Semiconducting Single Atom Chains: A New Research Frontier

The elements selenium and tellurium naturally crystallize as bundles of parallel atom chains (top). This research aims to isolate just one of these semiconducting atom chains (bottom) for use in electronic and optical circuits.
J. Matthew Grant

The elements selenium and tellurium naturally crystallize as bundles of parallel atom chains (top). This research aims to isolate just one of these semiconducting atom chains (bottom) for use in electronic and optical circuits.

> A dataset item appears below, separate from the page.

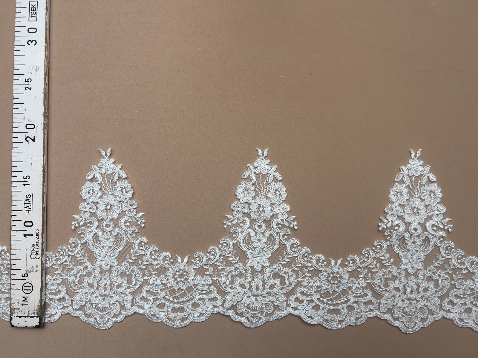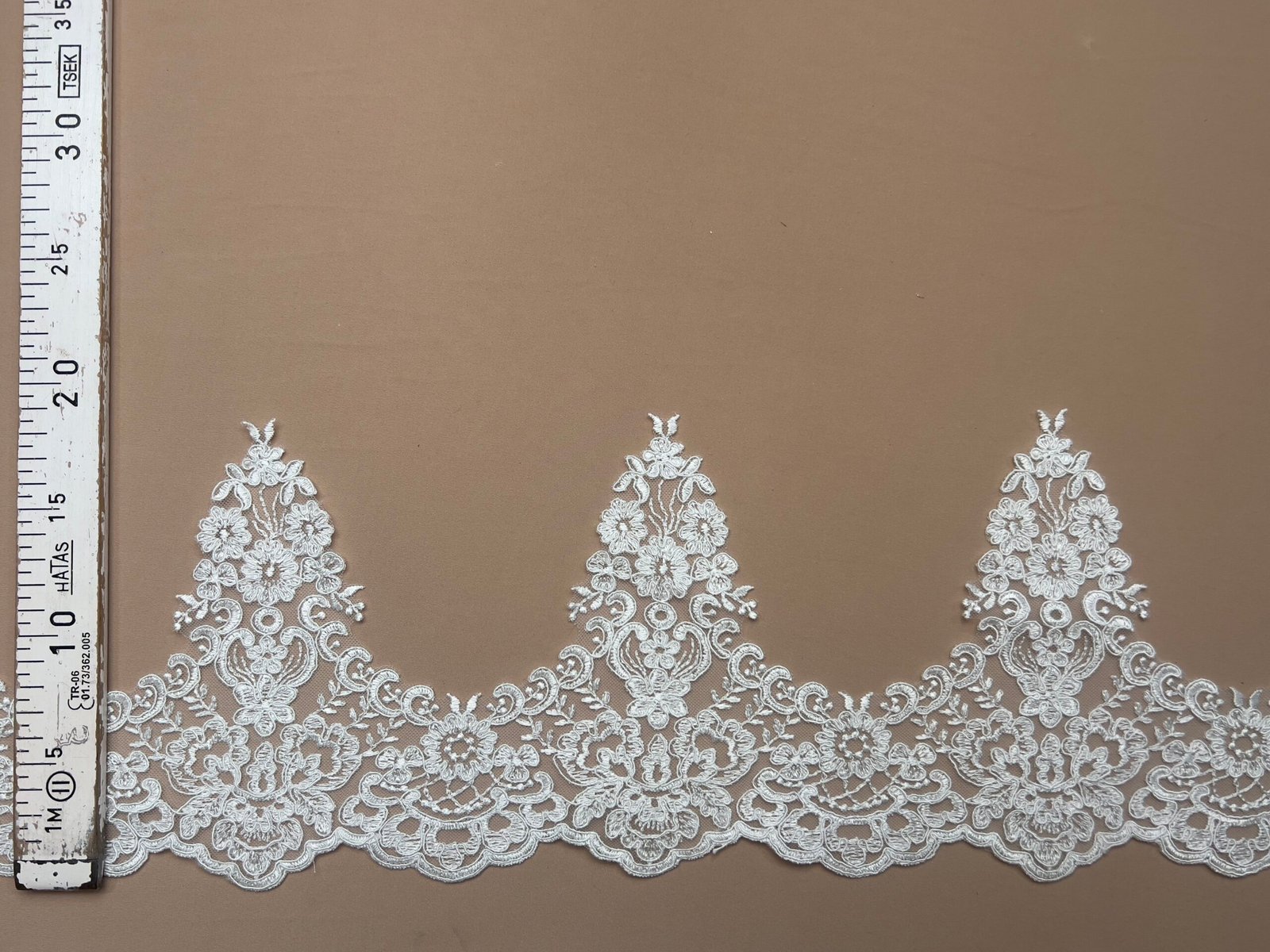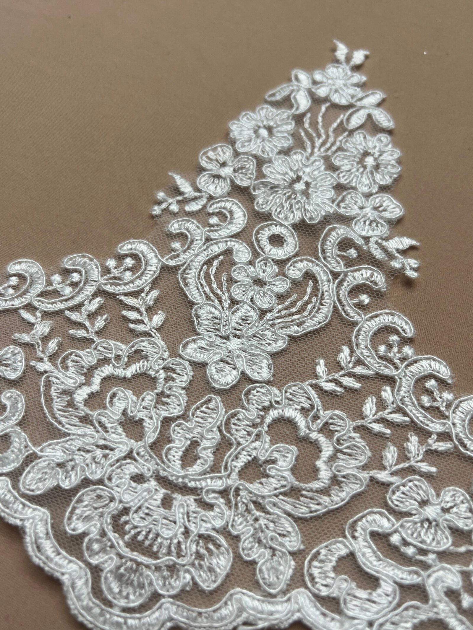 Applications: Bridal accents, borders, sleeves, hems, and fine garment finishes
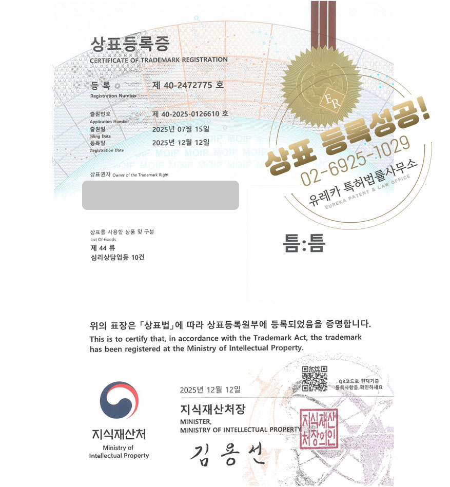 유레카 상표등록성공! 상담플랫폼, 오일테라피, 아로마샵 상표 특허 출원 “틈:틈” 상표권 디자인 등록

In the spirit of interdisciplinary research championed, the Department of Physics in the J. William Fulbright College of Arts and Sciences and Department of Electrical Engineering in the College of Engineering have made progress on an exciting new idea that developed because of different points of view from different disciplines. The discovery of graphene, a single sheet of carbon atoms, created a wave of exciting research in atomically thin two-dimensional materials.

Inspired by graphene, researchers at the University of Arkansas are at the frontier of a new research direction to create atomically narrow one-dimensional wires, called "single atom chains." If successful, this work funded by a $60k Short-Term Innovative Research award from the Army Research Office could potentially revolutionize electronics.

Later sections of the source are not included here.